Posted by iang at September 1, 2010 09:46 PM | TrackBack

@ Iang,

Was her real name "Rosa Kleb Jnr."

It makes you think why on earth do the APT people worry about shutting the stable door when the "IT stallions" are not only out of the paddock but compleatly off the farm...

However the flip side is are geeks so lonely they will have anybody as a friend...

The thing is the same IT stallions also post meatspace contact details in amongst their online activities and have been for ages.

As an old example,

More than a few years ago I was having a few problems with a bit of network kit not doing things they way it was supposed to. So after looking through the manuals etc I did a google on the kit name and a keyword or two. The result was pulling up comments from people on mail lists where a search on their name usually also pulled up their "holiday message" with not only all their contact details but those of their colleagues. This information could then be googled in turn to get a lot of meatspace info. I did this to find someone who appeared to be very knowledgable on the problem and gave them a phone call. They where very surprised but very obligingly helped me out (as their postal address was not to far I later bought them a beer to say thanks).

For those that doubt about just how easy this is...

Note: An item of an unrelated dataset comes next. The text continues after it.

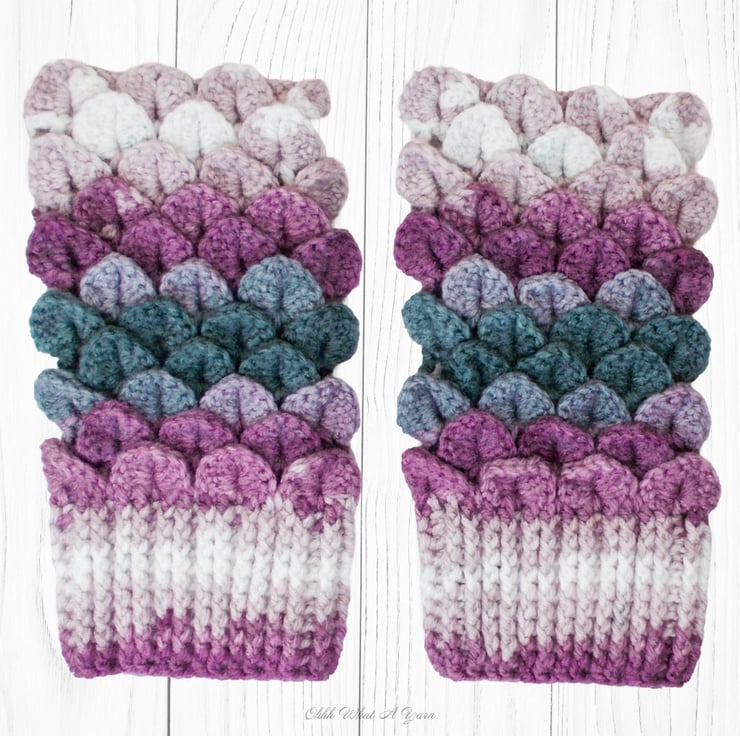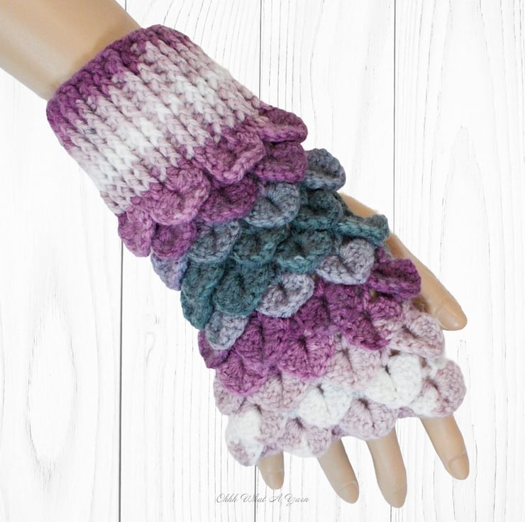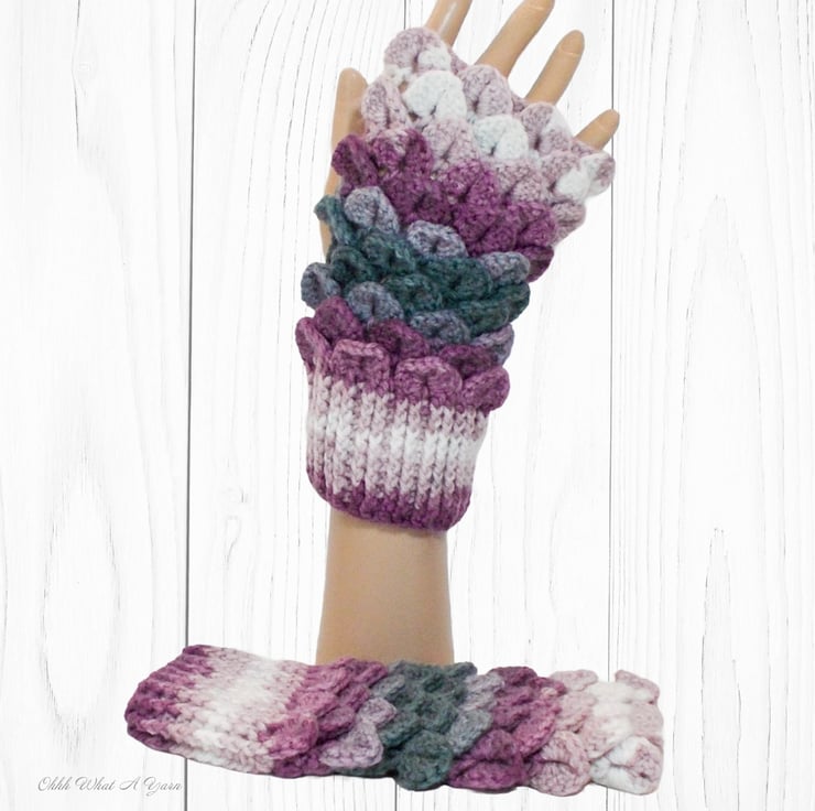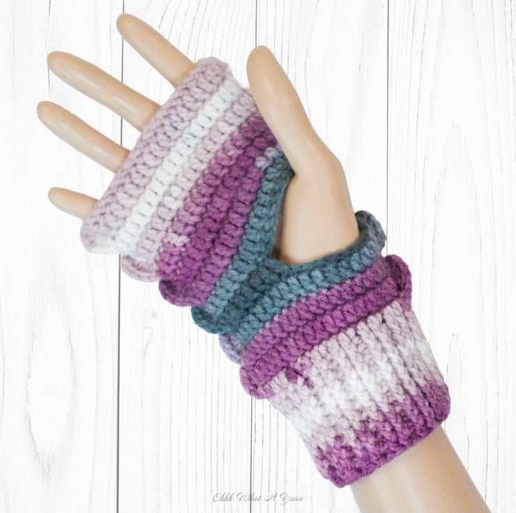 These cosy ladies fingerless gloves have been crocheted using a gorgeous colour changing yarn in shades of purple, lilac, grey and white. The yarn is 100% acrylic.

Google the following phone number 905-940-1814

You will see part way down the resulting page a holiday message automatialy sent by Paul Oh's email server to a mail list ( This gives the phone number and a colleauges name but no company or address info.

However you don't need to pick up the phone to get that info,

If you look at other entries on the google page you will find that he work(s/ed) for a Canadian company (Find Mid-Range Computer Brokers Inc) the address (34 Riviera Dr, Markham, ON) freephone number (800 668-6470) Fax number (905 940 1809) as well as other relevant info.

All of which can be used for further google searches to elicit further information.

I deliberatly used this old (and now out of date) enumeration method to show how easy it is to do. Whilst holiday messages on maillists is now something that hardly happens the modern equivalent does (and I leave that as an exercise to the reader).

The simple fact is even after 15 odd years the IT staff who should know, have not wised up to this sort of simple enumeration, it still happens via the likes of social networking such as blogs, twitter, linkedin, Monster jobs etc. So what on earth do we expect from other staff where security knowledge is not part of the job spec...

So I'm not surprised at the findings just saddened by the lack of progress.